Let $\varphi=\varphi_{a,b,k}$ be the map from words over $\{0,1\}$ to elements of the dihedral group Dih$_k$ (having $2k$ elements) such that $\varphi(0)=a$, $\varphi(1)=b$, and $\varphi$ takes concatenation to multiplication: $\varphi(xy)=\varphi(x)\varphi(y)$.

Let's say that $x$ is dihedrally simple if there is some $\varphi_{a,b,k}$ such that $\varphi(x)\ne\varphi(y)$ for all $y\ne x$ of the same length as $x$.

Computer experimentation suggests the

Conjecture: The dihedrally simple words form a regular language, namely $S\cup T$ where $$ S=\bigcup_{n=0}^\infty \{0^n,\quad 0^{n-1}1,\quad (01)^{n/2},\quad 01^{n-1},\quad 01^{n-2}0\} $$ where $(01)^{t+\frac12}=(01)^t0$, and $T$ is obtained from $S$ by interchanging 0 and 1.

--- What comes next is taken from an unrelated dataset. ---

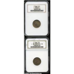 <table><tr><td><TABLE cellSpacing=0 cellPadding=0 width="100%" bgColor=#000000 border=0><TBODY> <TR><TD width="100%"><TABLE cellSpacing=1 cellPadding=3 width="100%" border=0><TBODY><TR><TD width="100%" bgColor=#79735c><FONT face=arial color=#ffffff size=3><B>Description</B> </FONT></TD></TR><TR><TD width="100%" bgColor=#ffffff><FONT face=arial size=2><B>1860 1C MS64 NGC,</B></I> a satiny light tan-brown near-Gem, well preserved aside from a wispy pinscratch on the upper cheek; and an <B>1864 L on Ribbon MS64 Red and Brown NGC,</B></I> intermingled tan and lilac color, seemingly free from contact but the upper obverse and lower reverse are not fully struck, slightly rotated dies. (2 coins) </FONT></TD></TR></TBODY></TABLE></TD></TR></TBODY></TABLE><BR><A name=PricesRealized></A><TABLE cellSpacing=0 cellPadding=0 width="100%" bgColor=#000000 border=0><TBODY><TR><TD width="100%"><TABLE cellSpacing=1 cellPadding=3 width="100%" border=0><TBODY><TR><TD width="100%" bgColor=#79735c><A name=PR><FONT face=arial color=#ffffff size=3><B>Previous Prices from Heritage Auctions</B> </FONT></A></TD></TR><TR><TD bgColor=#f6f6ed><TABLE cellSpacing=0 cellPadding=0 width="100%" border=1><TBODY><TR><TD align=middle width="33%"><B>Date</B></TD><TD align=middle width="33%"><B>Service</B></TD><TD align=middle width="33%"><B>Price</B></TD></TR><TR bgColor=whitesmoke><TD width="33%"><B>09/17/2002</B></TD><TD width="33%">NGC</TD><TD width="33%">$247.25</TD></TR><TR bgColor=whitesmoke><TD width="33%"><B>10/03/2000</B></TD><TD width="33%">NGC</TD><TD width="33%">$190.00</TD></TR><TR bgColor=whitesmoke><TD width="33%"><B>11/07/2003</B></TD><TD width="33%">PCGS</TD><TD width="33%">$373.75</TD></TR><TR bgColor=whitesmoke><TD width="33%"><B>09/22/2003</B></TD><TD width="33%">NGC</TD><TD width="33%">$281.75</TD></TR><TR bgColor=whitesmoke><TD width="33%"><B>08/06/2003</B></TD><TD width="33%">ANACS</TD><TD width="33%">$253.00</TD></TR><TR bgColor=whitesmoke><TD width="33%"><B>05/05/2003</B></TD><TD width="33%">PCGS</TD><TD width="33%">$345.00</TD></TR><TR bgColor=whitesmoke><TD width="33%"><B>03/23/2003</B></TD><TD width="33%">NGC</TD><TD width="33%">$299.00</TD></TR><TR bgColor=whitesmoke><TD width="33%"><B>09/30/2002</B></TD><TD width="33%">PCGS</TD><TD width="33%">$322.00</TD></TR><TR bgColor=whitesmoke><TD width="33%"><B>07/29/2002</B></TD><TD width="33%">PCGS</TD><TD width="33%">$299.00</TD></TR><TR bgColor=whitesmoke><TD width="33%"><B>04/28/2002</B></TD><TD width="33%">ANACS</TD><TD width="33%">$1,006.25</TD></TR><TR bgColor=whitesmoke><TD width="33%"><B>02/24/2002</B></TD><TD width="33%">ANACS</TD><TD width="33%">$368.00</TD></TR><TR bgColor=whitesmoke><TD width="33%"><B>11/15/2001</B></TD><TD width="33%">PCGS</TD><TD width="33%">$235.75</TD></TR><TR bgColor=whitesmoke><TD width="33%"><B>06/02/2001</B></TD><TD width="33%">PCGS</TD><TD width="33%">$241.50</TD></TR><TR bgColor=whitesmoke><TD width="33%"><B>01/05/2001</B></TD><TD width="33%">NGC</TD><TD width="33%">$258.75</TD></TR><TR bgColor=whitesmoke><TD width="33%"><B>05/05/2000</B></TD><TD width="33%">PCGS</TD><TD width="33%">$310.50</TD></TR><TR bgColor=whitesmoke><TD width="33%"><B>09/23/1998</B></TD><TD width="33%">NGC</TD><TD width="33%">$165.00</TD></TR><TR bgColor=whitesmoke><TD width="33%"><B>08/08/1998</B></TD><TD width="33%">NGC</TD><TD width="33%">$286.00</TD></TR><TR bgColor=whitesmoke><TD width="33%"><B>08/17/1996</B></TD><TD width="33%">NGC</TD><TD width="33%">$440.00</TD></TR><TR bgColor=whitesmoke><TD width="33%"><B>02/02/1996</B></TD><TD width="33%">PCGS</TD><TD width="33%">$121.00</TD></TR><TR bgColor=whitesmoke><TD width="33%"><B>12/09/1994</B></TD><TD width="33%">NGC</TD><TD width="33%">$187.00</TD></TR><TR bgColor=whitesmoke><TD width="33%"><B>04/02/1993</B></TD><TD width="33%">PCGS</TD><TD width="33%">$297.00</TD></TR><TR bgColor=whitesmoke><TD width="33%"><B>05/01/1998</B></TD><TD width="33%">NGC</TD><TD width="33%">$264.00</TD></TR></TBODY></TABLE></TD></TR><TR><TD bgColor=#ffffff><FONT face=arial size=1 ?>PLEASE NOTE: All prices realized reflect the final hammer price PLUS the buyer's premium in auctions that charge a buyer's premium. Each item has a notation at the top of the listing indicating whether that lot included a buyer's premium. Example: A item that sells with a final hammer price of $100 and a 20% buyer's premium will display with a price realized of $120. All information listed is intended to be as accurate as possible, but errors are possible. Please use this guide carefully and inform us of any inaccuracies. </FONT></TD></TR></TBODY></TABLE></TD></TR></TBODY></TABLE><BR><TABLE cellSpacing=0 cellPadding=0 width="100%" bgColor=#000000 border=0><TBODY><TR><TD width="100%"><TABLE cellSpacing=1 cellPadding=3 width="100%" border=0><TBODY><TR><TD width="100%" bgColor=#79735c colSpan=6><FONT face=arial color=#ffffff size=3><B>Price Guide*</B> </FONT></TD></TR><TR bgColor=#f6f6ed><TD align=middle><B>Grade</B> </TD><TD align=middle><B>Coin World<BR>(Trends)</B> </TD><TD align=middle><B>Numismedia<BR>Retail</B> </TD><TD align=middle><B>Numismedia<BR>Wholesale</B> </TD><TD align=middle><B>Coin<BR>Universe</B> </TD><TD align=middle><B>Heritage<BR>Value Index</B> </TD></TR><TR><TD colSpan=6>No Pricing Data Available</TD></TR><TR bgColor=#ffffff><TD colSpan=6><FONT size=1>*All information listed is intended to be as accurate as possible, but errors are possible. No item may be returned or refused based on this information which is provided as a service to our customers. You should contact each pricing source directly to determine the accuracy of this information. </FONT></TD></TR></TBODY></TABLE></TD></TR></TBODY></TABLE><BR><TABLE cellSpacing=0 cellPadding=0 width="100%" bgColor=#000000 border=0><TBODY><TR><TD width="100%"><TABLE cellSpacing=1 cellPadding=3 width="100%" border=0><TBODY><TR><TD width="100%" bgColor=#79735c><FONT face=arial color=#ffffff size=3><B>Population Guide</B> </FONT></TD></TR><TR bgColor=#ffffff><TD align=middle

My question is: Is the Conjecture similar to anything in the literature? Or do you see how to prove it?


Edit: to answer @LucGuyot's question below: this definition arises in my model of quantum security from a recent UCNC'17 paper (see also arXiv version) except that there is an additional constraint there, that we map the locked state $|0\rangle$ to the unlocked state $|1\rangle$.

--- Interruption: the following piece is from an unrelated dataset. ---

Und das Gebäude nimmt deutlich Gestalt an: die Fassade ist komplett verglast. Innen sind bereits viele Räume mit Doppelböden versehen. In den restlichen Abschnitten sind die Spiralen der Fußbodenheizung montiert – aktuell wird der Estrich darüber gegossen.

The relevance of dihedral groups is that Dih$_k$ is representable as a subgroup of the projective unitary group $\mathrm{PU}(2, \mathbb C)$. The interpretation then is that $x$ is a secret code which should be punched into a quantum device with buttons labeled 0 and 1 and which trigger unitary operations $U_A$, $U_B$. Any code of the same length as $x$ but different from $x$ will not have the same effect (say, unlocking the device). Any attempt to inspect the state of the device during entering of the code, as one might do with a simple padlock, will constitute a measurement of the device and therefore reset the quantum superposition.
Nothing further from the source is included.